China’s top political advisory body starts annual session


BEIJING, March 3 (Xinhua) — China’s top political advisory body convened its annual meeting Thursday, kicking off a political high season that will continue with the opening of the country’s top legislature later this week.

Yu Zhengsheng, chairman of the Chinese People’s Political Consultative Conference (CPPCC) National Committee, opened the session at the Great Hall of the People in the heart of Beijing.

In a dark suit and a red tie, Yu commended the political advisory body’s work last year in helping formulate the 13th Five-Year Plan, comprehensively deepen reforms and advance law-based governance, improve people’s well-being, promote ethnic unity and religious harmony, and develop a favorable external environment for China’s development.

Special consultative meeting revolving around issues, such as reform of the government’s review and approval system and judicial structural reform, were held, while suggestions on a number of draft legislation and regulations, including the environmental protection tax law and the marine environmental protection law, were offered, Yu noted.

The CPPCC is an organization in the patriotic united front of the Chinese people, an important organ for multiparty cooperation and political consultation under the leadership of the Communist Party of China (CPC), and an important means of promoting socialist democracy in China’s political activities.

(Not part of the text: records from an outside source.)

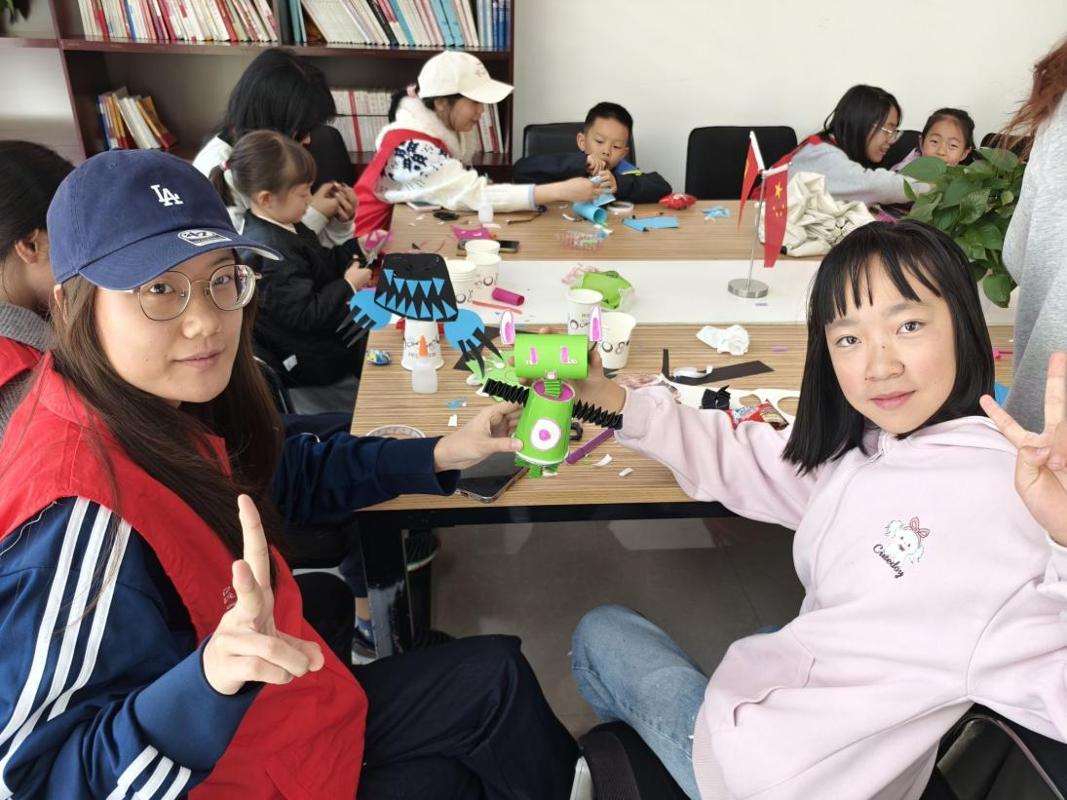 本次活动以“以指尖为笔,勾勒科创奇思;以手工为翼,承载逐梦初心”为理念,志愿者首先向孩子们介绍机器人的基本原理和简单的机械知识。随后,志愿者与儿童一对一合作,用纸杯、彩纸、吸管、胶水等材料创作属于自己的机器人。过程中志愿者鼓励孩子们发挥创意,自主设计机器人造型,并在其旁边耐心协助完成裁剪和胶水的使用。完成制作后,每组展示作品并分享创作思路。整个过程不仅培养了孩子们的动手能力和创作力,也在互动中拉近了志愿者与儿童的距离。
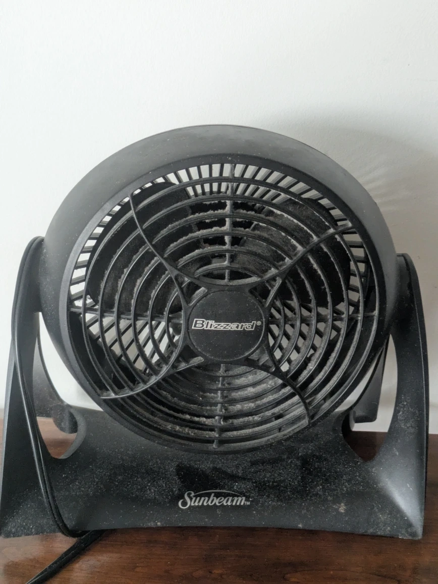 Selling a Sunbeam Blizzard fan in black. It's a great fan for keeping cool on hot days! It's in used condition, as you can see in the photos.
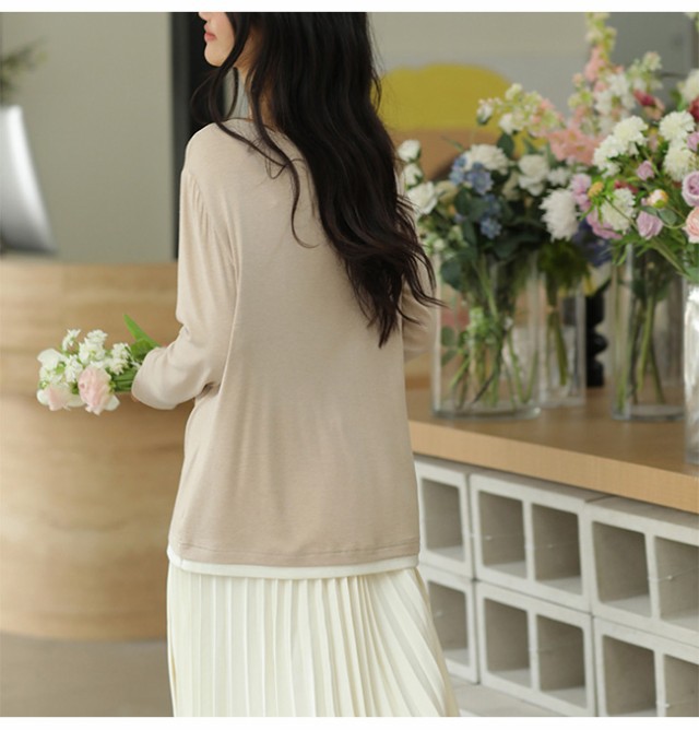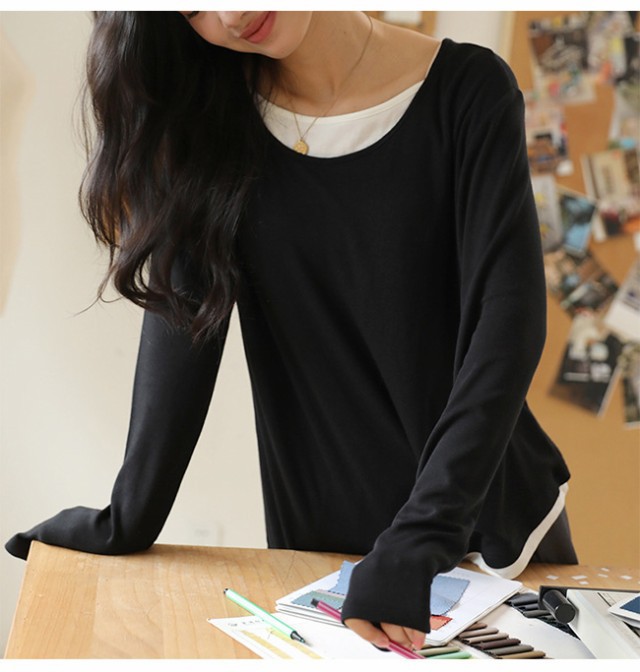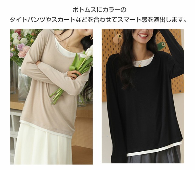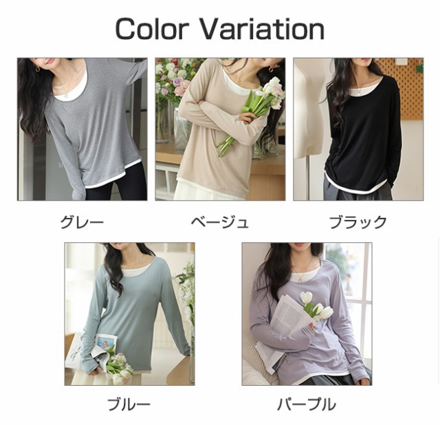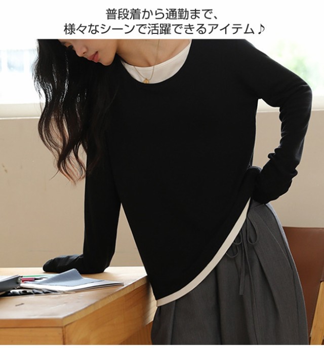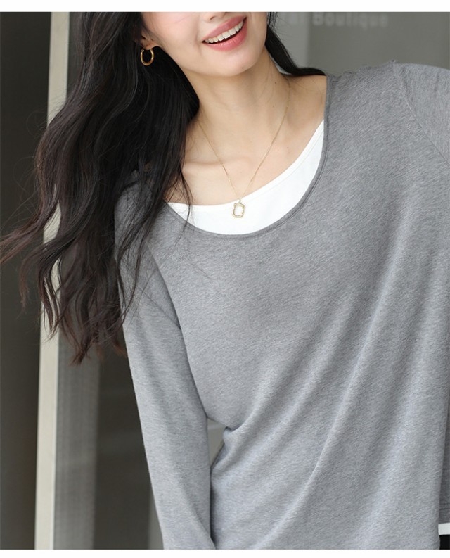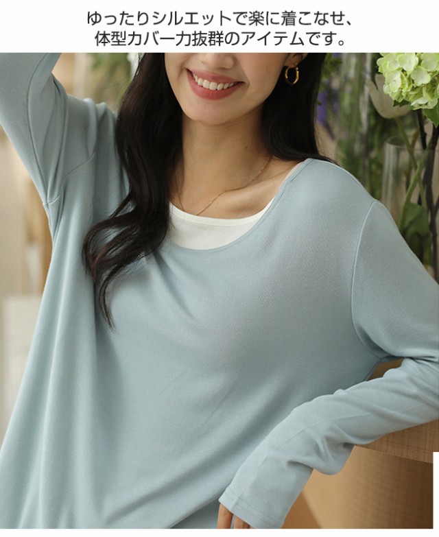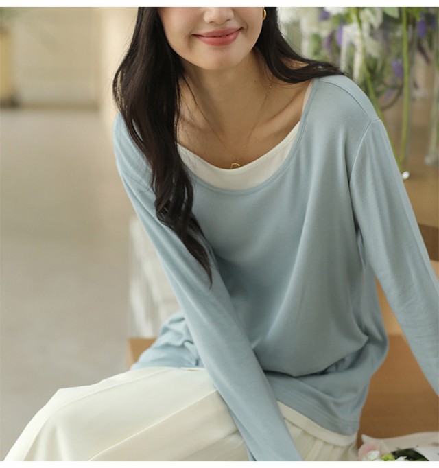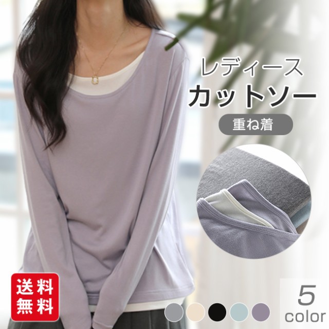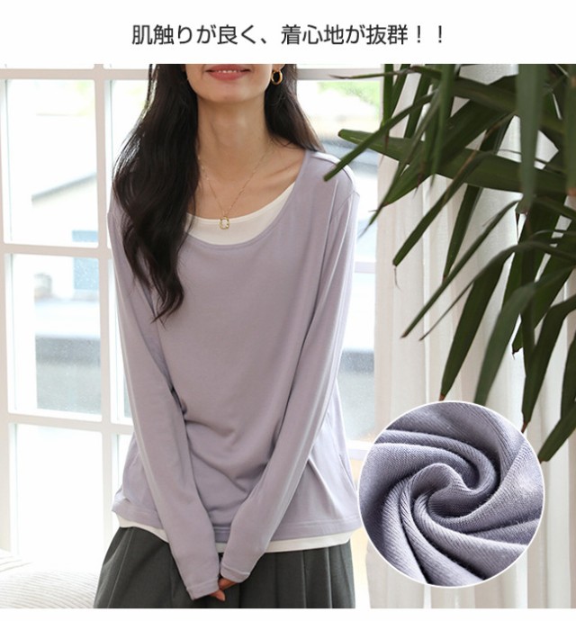 夏新作 カットソー クールネック レディース インナー 重ね着 薄手 長袖 トップス 無地 着痩せ 体型カバー ゆったり 春秋

The main functions of the CPPCC are to conduct political consultation, exercise democratic supervision and participate in the discussion and the handling of state affairs.

Yu noted that the advisory body’s political consultations were made more fruitful last year while democratic oversight was strengthened, he said.

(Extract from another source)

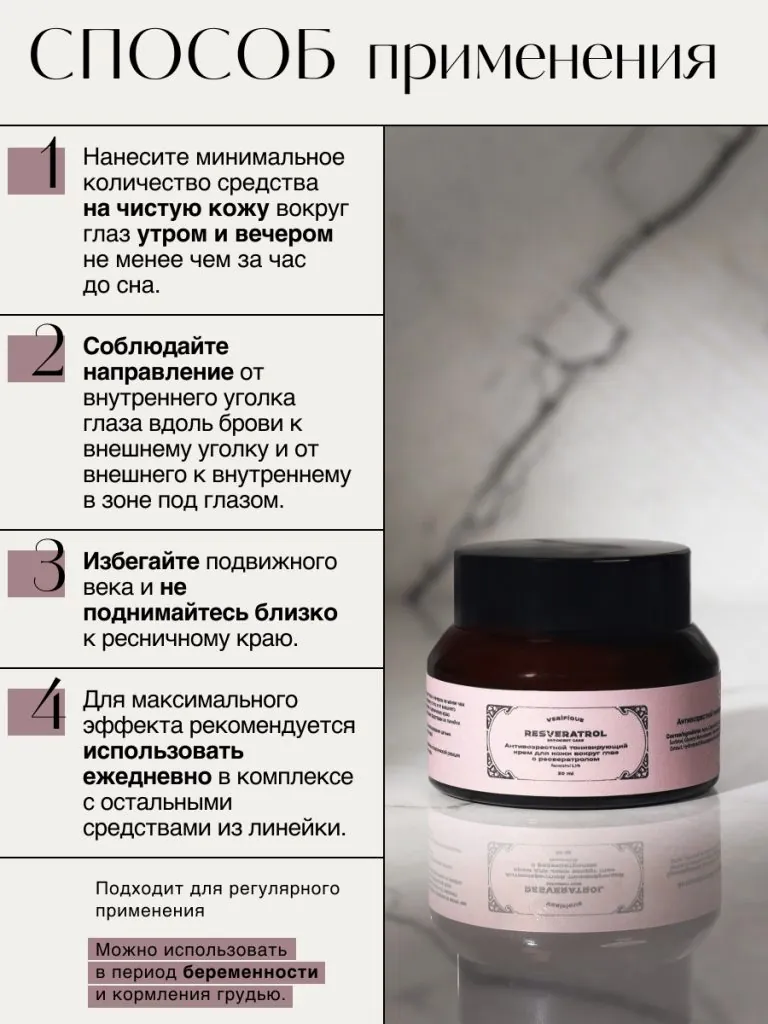 Антивозрастной тонизирующий крем для кожи вокруг глаз с ресвератролом

In particular, CPPCC National Committee members improved supervision over issues of wide public concerns such as investment approval system reforms and pollution control in northwest China’s Tengger Desert.

Their suggestions, criticisms and supervision helped improve authorities’ work to address those problems and the introduction of relevant policies, he added.

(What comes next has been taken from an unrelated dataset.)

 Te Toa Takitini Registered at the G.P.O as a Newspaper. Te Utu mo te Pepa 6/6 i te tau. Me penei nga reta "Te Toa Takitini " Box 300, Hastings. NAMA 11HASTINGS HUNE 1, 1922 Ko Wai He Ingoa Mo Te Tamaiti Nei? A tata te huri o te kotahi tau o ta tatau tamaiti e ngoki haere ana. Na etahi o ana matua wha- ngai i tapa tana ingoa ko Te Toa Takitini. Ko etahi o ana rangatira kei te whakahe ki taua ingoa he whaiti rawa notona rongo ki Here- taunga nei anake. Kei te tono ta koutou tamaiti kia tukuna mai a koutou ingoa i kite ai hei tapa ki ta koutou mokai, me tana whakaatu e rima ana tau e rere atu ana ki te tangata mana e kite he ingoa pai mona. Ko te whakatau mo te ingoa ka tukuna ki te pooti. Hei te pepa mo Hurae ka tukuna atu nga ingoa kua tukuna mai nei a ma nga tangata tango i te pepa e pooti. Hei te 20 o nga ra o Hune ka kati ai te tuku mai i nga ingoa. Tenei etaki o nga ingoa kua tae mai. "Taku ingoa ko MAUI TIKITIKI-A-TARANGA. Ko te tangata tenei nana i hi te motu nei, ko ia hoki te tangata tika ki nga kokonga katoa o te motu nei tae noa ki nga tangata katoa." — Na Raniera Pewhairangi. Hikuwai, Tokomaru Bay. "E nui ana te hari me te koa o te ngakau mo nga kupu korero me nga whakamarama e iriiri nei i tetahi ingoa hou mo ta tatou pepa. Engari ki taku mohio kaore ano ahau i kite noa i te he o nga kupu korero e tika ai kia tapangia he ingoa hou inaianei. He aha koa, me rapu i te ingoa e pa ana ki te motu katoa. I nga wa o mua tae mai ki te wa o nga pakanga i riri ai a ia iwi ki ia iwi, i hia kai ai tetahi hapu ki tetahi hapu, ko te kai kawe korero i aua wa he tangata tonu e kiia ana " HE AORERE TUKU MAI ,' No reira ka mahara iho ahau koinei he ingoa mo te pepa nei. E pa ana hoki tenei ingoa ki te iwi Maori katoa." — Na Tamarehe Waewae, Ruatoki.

Thursday’s CPPCC session marks the start of the most important two weeks on China’s political calendar this year. The National People’s Congress (NPC), China’s national legislature, is set to begin its annual session Saturday.

Together dubbed colloquially as the “two sessions,” the dual meetings make regular yet crucial venues where political and economic developments are reviewed and discussed and key policies adopted.

This year, lawmakers are set to deliberate on a draft charity law aimed at boosting more public trust into the cause.

But it is on the economic front where the “two sessions,” closely watched by observers both at home and abroad, are granted extra heavy footing. Chinese Premier Li Keqiang will reveal the nation’s gross domestic product target this year in his government work report.

The draft 13th Five-Year Plan, a roadmap for the nation’s development from 2016 to 2020, will also be submitted to NPC lawmakers for review and approval.

At a time of slowing global economic recovery and considerable uncertainty in financial markets, people around the world will be combing through the two documents line-by-line the moments they come out to find various nuances of policy development.

China’s economy, long a reliable source of growth, expanded 6.9 percent year on year in 2015, the slowest rate in 25 years, weighed down by a property market downturn, falling trade and weak factory activities.

In his report, Yu pointed to the “supply-side reform” — a popular notion that includes reducing ineffective and low-end supply championed by Chinese President Xi Jinping — and to a new set of development philosophy as policy options at hand to respond to the slowing economy.

The CPPCC should “develop and follow the philosophy of innovative, coordinated, green, open and shared development,” and adapt to the new normal in economic development, the top political advisor said.

Achievements aside, Yu also admitted that there are still room for for improvement for the CPPCC’s work.

“Its investigations and research into key issues need to be more thorough, its mechanisms for democratic oversight need to be improved, its work on promoting unity and friendship needs to be expanded both in scope and in depth, and National Committee members need to do better in the performance of their duties,” Yu said.

Political advisors come from China’s various walks of life and ethnic groups. They often serve as the think-tank for the government, legislative and judicial organs, and put forward proposals on major political and social issues in the world’s most populous nation and second-largest economy.

The proposals are sometimes considered a rough barometer of public opinion, signaling issues of concern from industrial policy to domestic violence, and telegraph the general national agenda for the whole year and beyond.

A separate report presented at Thursday’s meeting showed about one third of over 6,000 proposals submitted by political advisors in 2015 centered on economic issues.

Yu Zhengsheng meanwhile urged advisors to devote their main efforts this year to making suggestions and proposals related to the implementation of the 13th Five-Year Plan, and raise the quality of their research and studies.

He also called on political advisors to uphold the leadership of the CPC, which is “the leadership core of the cause of socialism with Chinese characteristics and of the patriotic united front.”